An Engineered Crash?
When you make credit easy, if it becomes too easy then the economy shifts toward areas that are a byproduct of credit regardless of need. Some economists say we misallocate resources. In other words, since credit is so easy, we proceed with projects that have marginal rates of return. In some case, if the credit is easy enough, such as overfinancing an office building on future rent growth, the initial return may be negative.
There are other misallocations as well as students focus on careers in the finance sector and other professions start shifting into the finance sector such as becoming a real estate salesperson, mortgage broker, or real estate flippers.
That is what happened in America after 2001. We went nuts with giving everyone credit and practically our entire booming economy became derivitive on the extension of credit. We built and sold to each other houses, condos, office buildings, shopping centers and a pace and price never seen before. In many cases, we built those structures and businesses simply to support the credit creation business or those that benefitted from it. Millions of square feet were built and millions of jobs were created.
The irony of all this, aside from the bankers, the government was the biggest beneficiary of the credit bubble. Many of us are paying 2X or 3X our old property taxes but with incomes not much different than before the boom... unless you work for government. In a number of professions, incomes are now lower than pre bubble levels.
The bubble grew bigger and bigger, so did the size of government. As a matter of fact, it doubled in size to match the growing bubble economy. We built a $6.5 Trillion dollar bubble profit eating machine... employing over 20,000,000 Americans and a driver of incredible revenues back into the private sector through programs like medicare, medicaid, welfare, food stamps and now unemployment checks.
At the time, maybe to keep the government machine fueled, the FED was even encouraging society to borrow more and take out adjustable rate mortgages.

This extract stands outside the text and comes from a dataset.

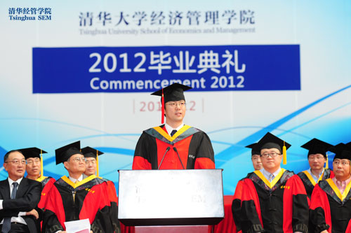 我是经管学院管理科学与工程系博士生窦一凡,和在座的许多研究生同学一样,这是我第二次参加经管学院的毕业典礼,相比于本科,博士毕业不仅是学位服颜色的变化,更是标志着自己完成了人生道路上一段意义特殊的旅程。如果说本科毕业最让人留恋的是丰富多彩的校园生活,那么博士毕业时最难以忘怀的,则是在科研工作当中度过的日日夜夜。回首五年来的点点滴滴,在我们紧张忙碌又略显单调的学习生活当中,总有一些人和事,令我们尤为感激。

The banks were soliciting everyone and everywhere. Heck, rules were so lax you could borrow money without even an income verification. Price became secondary and payment was key as money was flowing everywhere....especially to bankers and government.
All was fine as long as the credit was easy and the money was flowing in...the problem was we were accumulating debt along the way. And debt was being accumulated by practically every sector of the economy including individuals, businesses, municipalities, schools, and hospitals.
The BIG problem came in when society/economy overdosed and was infected with too much debt. Instead of relieving the debt burden on the economy, the Fed and government increased the strain by raising interest rates, tightening credit standards, and hardening the bankruptcy laws.
Those that saw it knew what was coming next....my guess is that so did many in New York and Washington as we were being told Sub Prime was contained. Debts started defaulting at all quality levels, millions of jobs were lost, and wages and prices of assets crashed. Without easy credit, much of the economy was gone or much smaller.
However, the accumulated debt had to be serviced at rates that were impossible to service based on a reduced credit and lower revenue economy. For many, savings had to be tapped to cover the shortfall.....and now many are running out of savings including families, businesses, municipalities, and hospitals.
As savings continues to deplete, more and more will be zombulated and our economy will shrink even further. As the economy shrinks, even more and more will be zombulated regardless whether they have any debt because revenues streams will be so low they won't be able to cover fixed costs.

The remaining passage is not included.